For decades, areas along the Suzhou Creek housed the Shanghai industry, which moved out of the city in the 1980s, leaving behind savings and an infected floating road. But a rejuvenation of the $ 5 billion Creek ending in 2020, and in its heart is a 26 -mile path that functions as a green connection that connects both established and new positions of art and culture.
At the intersection of the creek and the river is the recently open regent shanghai in the Bund, a 135 -room hotel with gold -plated interior and views of the Bund’s Art Deco facades to the south, the glossy horizon of Pudong to the east and the occasional charm of Suzhou Creek ($ 380).
I spent a day cycling west from this point, first stopping at Rockbund, a series of alleys framed by red brick buildings containing galleries, shops and restaurants. At the heart of all is the Rockbund Museum of Art, highlighting the bending works of Asian artists.
On my way to the recently open Fotografiska, a Stockholm Museum of Photography Museum, for lunch at the all -day Mona bistro, I passed the former General Post Building And Sihang Warehouse, an important area of the Second Sino-Japanese War, which took place from 1937 to 1945.
I followed the lunch with a drink beyond the creek in Beer Lady, a cave -filled cave and taps from more than 50 countries, before spending an hour wandering the stripes covered by M50 graffiti, where various galleries are filled. The final stop of the day was 1,000 trees, a band created by British designer Thomas Heatherwick who hosts a shopping center.

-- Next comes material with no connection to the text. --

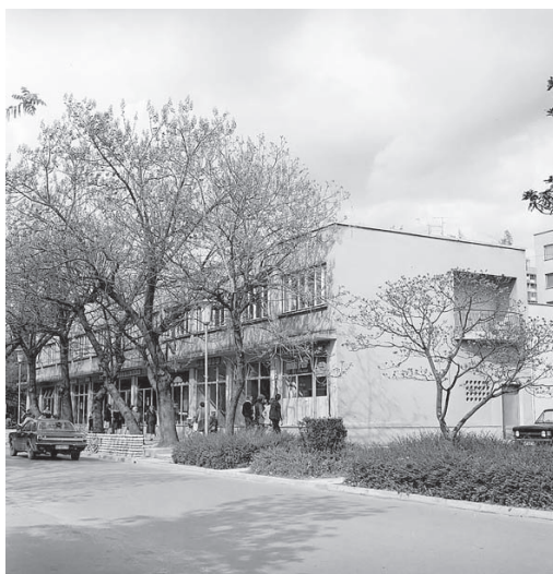
Nekdanji utrip na Delpinovi ulici v Novi Gorici.

dobro, dokler kriza ni bila rešena, ustanovili svoje gradilišče. » (PANG, t. e. 941)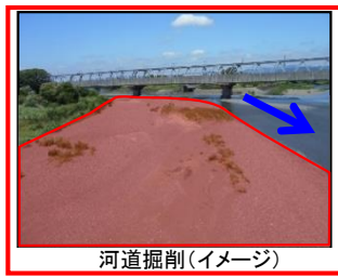
河道掘削(イメージ)

The other forts of the visitor of the city were full but free from the crowds I was used to. In Yuyuan, a Ming Dynasty-Era garden surrounded by a bazaar and tea, waiting for pasta soup in renowned Nanxiang bun on steamed took a fraction of the ordinary era.
The crowds were also sparse to the restaurant and shopping of Jing An, except on Friday night I went to Ins, a new nightlife complex at Fuxing Park. It offers access to music festivals to all sorts of spaces for a single entry fee and has hit the post-Lockdown with locals who want to dance more and spend less.
Increasing access
For travelers who want to see more from the country, it is now possible to reach most of the country’s provinces with the Bullet Train. I took the train from Shanghai to nearby Nanjing, an experience that was so easy and comfortable that it felt deceitful.
Even Beijing is now only 4.5 hours by train, compared to the previous 12 -hour drive or 2.5 hours of flight. International travelers who take the Bullet train for the first time must present their passport personally at the train station so they can buy a ticket. After traveling can be recorded directly through Alipay.
This new convenience of access made me excited to come back and see more from the country, but some of the other obstacles let me feel like China’s reality has not enough its tourist goals.
After two weeks, my tangerine reiterated the ability, so it was my ability to use the applications. The city beneath the surface felt exactly a distance.